Huang et al. (2016) have determined the duration and parameters of the optimal aerobic training for healthy older persons who lead a sedentary lifestyle. Such persons should participate in a 30–40-week health improvement training program, carried out in 3–4 training sessions a week. Each session should last 40–50 min and have an intensity amounting to 66–73% of the heart rate reserve. The CRF decreases linearly, and its decline increases after the age of 45 years in both men and women. Maintaining a correct body mass, level of physical activity, and not smoking all distinctly contribute to a higher CRF (Jackson et al. 2009).

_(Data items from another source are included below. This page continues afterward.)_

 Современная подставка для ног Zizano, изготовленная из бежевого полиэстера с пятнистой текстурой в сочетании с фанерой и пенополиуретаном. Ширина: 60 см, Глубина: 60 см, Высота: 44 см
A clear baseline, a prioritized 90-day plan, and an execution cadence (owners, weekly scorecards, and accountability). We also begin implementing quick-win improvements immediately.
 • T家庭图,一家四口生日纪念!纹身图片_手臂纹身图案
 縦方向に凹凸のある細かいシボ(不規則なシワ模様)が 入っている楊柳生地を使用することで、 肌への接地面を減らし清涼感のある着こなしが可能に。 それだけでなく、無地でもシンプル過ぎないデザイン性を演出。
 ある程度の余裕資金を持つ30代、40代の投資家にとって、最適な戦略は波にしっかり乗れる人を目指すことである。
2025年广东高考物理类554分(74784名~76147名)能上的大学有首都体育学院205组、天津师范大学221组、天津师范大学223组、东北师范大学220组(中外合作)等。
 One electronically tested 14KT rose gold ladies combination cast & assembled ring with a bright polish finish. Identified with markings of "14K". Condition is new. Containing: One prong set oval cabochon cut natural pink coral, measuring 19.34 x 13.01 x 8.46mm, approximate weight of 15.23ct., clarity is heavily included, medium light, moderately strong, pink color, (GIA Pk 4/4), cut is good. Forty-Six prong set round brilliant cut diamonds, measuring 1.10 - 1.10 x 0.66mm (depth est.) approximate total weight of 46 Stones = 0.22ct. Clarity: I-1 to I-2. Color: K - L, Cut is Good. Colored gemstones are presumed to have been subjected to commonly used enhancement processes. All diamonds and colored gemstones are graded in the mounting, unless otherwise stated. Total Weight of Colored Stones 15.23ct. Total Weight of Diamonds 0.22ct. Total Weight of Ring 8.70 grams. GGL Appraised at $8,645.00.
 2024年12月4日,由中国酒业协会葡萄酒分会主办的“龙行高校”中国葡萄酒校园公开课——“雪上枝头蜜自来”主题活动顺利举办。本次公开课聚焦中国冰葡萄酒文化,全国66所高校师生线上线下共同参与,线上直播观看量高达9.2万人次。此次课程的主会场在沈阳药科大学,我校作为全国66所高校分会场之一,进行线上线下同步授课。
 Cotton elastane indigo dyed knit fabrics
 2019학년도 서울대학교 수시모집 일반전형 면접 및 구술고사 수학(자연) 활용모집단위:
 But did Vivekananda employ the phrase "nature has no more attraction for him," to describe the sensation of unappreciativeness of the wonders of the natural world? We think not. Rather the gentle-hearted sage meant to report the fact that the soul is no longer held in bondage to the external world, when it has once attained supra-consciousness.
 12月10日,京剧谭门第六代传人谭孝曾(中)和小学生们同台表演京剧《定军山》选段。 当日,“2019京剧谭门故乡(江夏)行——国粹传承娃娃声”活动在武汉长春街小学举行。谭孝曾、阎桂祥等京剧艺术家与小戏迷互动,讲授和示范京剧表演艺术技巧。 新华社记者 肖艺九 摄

A decrease in cardiorespiratory function is due primarily to a sedentary lifestyle, which in turn contributes to increased BMI. Undertaking a physical activity is therefore important for health and quality of life in every stage of ontogenesis, and it appears to be indispensable in older age. The present study, conducted in a large cohort of working men, confirms these issues. A limitation of this study is the use of an indirect method of assessing V̇O2max based on the subject’s submaximal heart rate. That caused an arbitrary enforcement of the age-specific decline in CRF, which could introduce inaccuracies. In addition, a cross-sectional study design revealed just the cohort effects, whereas, as suggested by Nussey et al. (2008), changes in V̇O2max could be better explained in longitudinal research due to the issues related to inter-individual heterogenicity and individual aspects of aging.

In conclusion, age and body mass index have the largest effect on cardiorespiratory function, estimated from the level of V̇O2max, in working men aged 20–59, which was confirmed in multivariate analysis using the backward stepwise method. We submit that it would be socially desirable to implement an intervention program involving recreational physical activity dedicated to middle-aged men with overweight or obesity, as that could reduce the risk of illness and improve quality of life and occupational effectiveness.